The 84-year-old, who said he was making the first-ever papal visit to Iraq as a “pilgrim of peace,” will also reach out to Shiite Muslims when he meets Iraq’s top cleric, Grand Ayatollah Ali Sistani.

Shortly before leaving for the airport Pope Francis met 12 Iraqi refugees from the Community of Sant'Egidio and Auxilium Cooperative, two Catholic NGOs for 15 minutes.

The four-day journey is the pope’s first abroad since the onset of the Covid-19 pandemic, which left the leader of the world’s 1.3 billion Catholics saying he felt “caged” inside the Vatican.

Security will be tight in Iraq, which has endured years of war and insurgency, is still hunting for Daesh sleeper cells, and days ago saw a barrage of rockets plow into a military base.

Francis will preside over a half-dozen services in ravaged churches, refurbished stadiums and remote desert locations, where attendance will be limited to allow for social distancing.

Inside the country, he will travel more than 1,400 kilometers by plane and helicopter, flying over areas where security forces are still battling Daesh remnants.

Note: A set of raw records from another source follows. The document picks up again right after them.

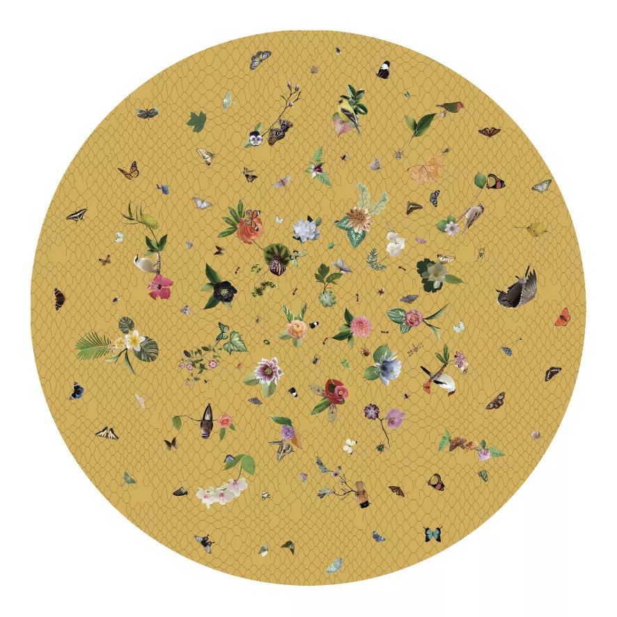 Het Garden of Eden Round Netting vloerkleed van Moooi Carpets is verkrijgbaar in twee kleuren, in het grijs of in het geel. Het heeft een diameter van 250 centimeter. Dit is een getuft tapijt van 100% polyamide en het valt in de gebruiksklasse CL33, wat betekent dat het geschikt is voor zwaar contact en geluid goed absorbeert. De kleur is er digitaal op geprint met een chromojet en het tapijt heeft een achterkant van vilt.
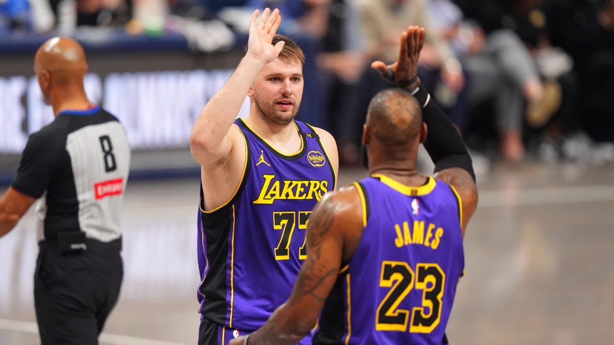 లా లేకర్స్ (AP) కోసం లుకా డాన్సిక్ మరియు లెబ్రాన్ జేమ్స్
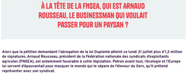 Je vous le dis tout net : les intérêts de la FNSEA, et surtout de son président, Arnaud Rousseau, ne sont pas ceux du monde paysan français.
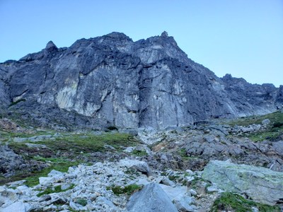Hike the Bedal Creek Trail (No. 705) for 2.5 miles along Bedal Creek, first through old-growth forest and then along Bedal Creek's steep banks. When the trail enters meadows beneath the west face, traverse up and right, crossing over the grassy shoulder that divides the west and southwest faces. Look for the chimney with lighter rock on the left, and darker to the right and the fairly obvious line on the southwest face, near the far right side of the wall.
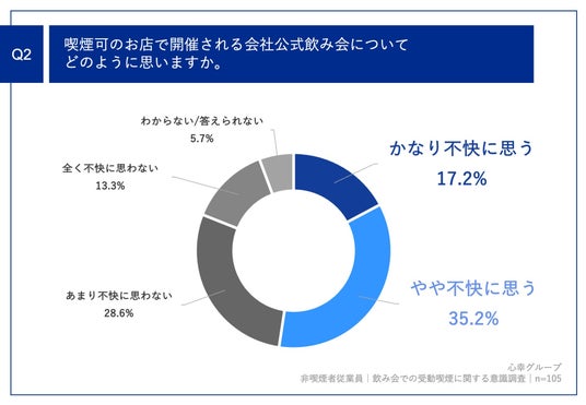 「Q2.喫煙可のお店で開催される会社公式飲み会についてどのように思いますか。」(n=105)と質問したところ、
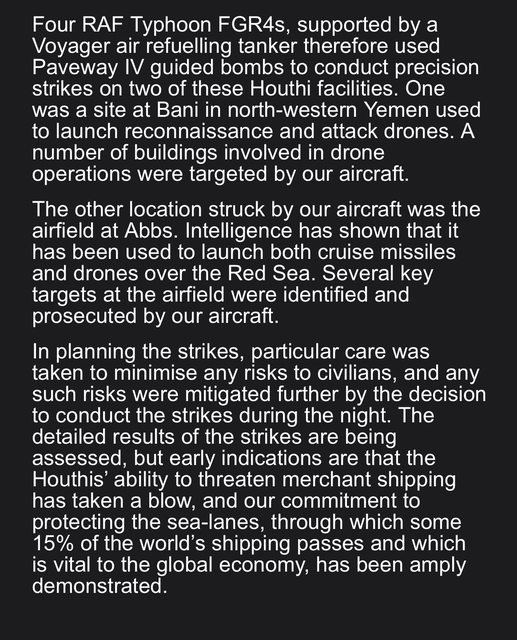多個影片聲稱展示了葉門的襲擊 人們看到和聽到了重大爆炸 https://x.com/sentdefender/status/1745598593854046306? https://x.com/clashreport/status/1745596235426246916? 裝載有100多枚戰斧巡弋飛彈的佛羅里達號 俄亥俄級巡弋飛彈核潛艦參加了這次打擊 英國皇家空軍颱風FGR4戰機也參與了空襲 https://i.imgur.com/jYZhPAD.jpg
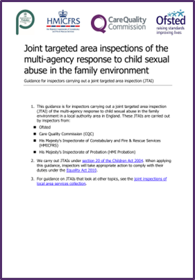 On 10 September Ofsted, CQC, HMICFRS and HMIProbation published new JTAI guidance for inspections of the response to child sexual abuse in the family environment
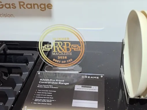 同时展出的追觅RZ601 Pro多头灶烤一体机,则从“火力与灵活性”角度补全厨房系统。其采用热风循环烘烤方式,通过后置风扇与独立加热元件的配合,让热量在腔体内均匀流动,确保每一次烘焙和烧烤都受热均匀、效果稳定;内置空气炸模式并配备专用炸篮,让轻油烹饪成为日常选择。灶具部分最高可达22000 BTU强劲火力,满足爆炒等高火力需求;中部还配备专为长条形煎盘设计的长条形燃烧器,可同时煎制pancakes、培根和鸡蛋,满足美式早餐等高频家庭场景。预约烹饪与自清洁功能的加入,使厨房管理更加高效有序。该产品在CES期间获得F&B Magazine“Best of CES 2026”奖项,进一步印证了其在功能整合上的竞争力。

Iraqi security officers stand guard in central Baghdad on March 4, 2021, on the eve of the Pope Francis’s first visit to Iraq. (AFP)

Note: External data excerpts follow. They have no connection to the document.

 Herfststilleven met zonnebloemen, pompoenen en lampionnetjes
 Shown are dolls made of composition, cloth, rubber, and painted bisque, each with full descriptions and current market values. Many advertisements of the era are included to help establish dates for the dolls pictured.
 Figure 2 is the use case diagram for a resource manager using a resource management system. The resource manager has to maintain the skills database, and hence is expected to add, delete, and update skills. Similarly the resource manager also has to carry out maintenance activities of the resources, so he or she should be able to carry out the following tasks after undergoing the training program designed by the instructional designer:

For shorter trips, Francis will take an armored car on freshly paved roads that will be lined with flowers and posters welcoming the leader known here as “Baba Al-Vatican.”

The pope’s visit has deeply touched Iraq’s Christians, whose numbers have collapsed over years of persecution and sectarian violence, from 1.5 million in 2003 to fewer than 400,000 today.

The first day of the pope’s ambitious itinerary will see him meet government officials and clerics in the capital Baghdad, including at the Our Lady of Salvation church, where a militant attack left dozens dead in 2010.

He will also visit the northern province of Nineveh, where in 2014 Daesh militants forced minorities to either flee, convert to Islam or be put to death.




Youths unfurl a poster welcoming Pope Francis next to the ruins of the Syriac Catholic Church of the Immaculate Conception in Iraq’s northern city of Mosul on March 2, 2021. (AFP)

“People had only a few minutes to decide if they wanted to leave or be decapitated,” recalled Karam Qacha, a Chaldean Catholic priest in Nineveh.

“We left everything — except our faith.”

Some 100,000 Christians — around half of those who lived in the province — fled, of whom just 36,000 have returned, according to Catholic charity “Aid to the Church in Need.”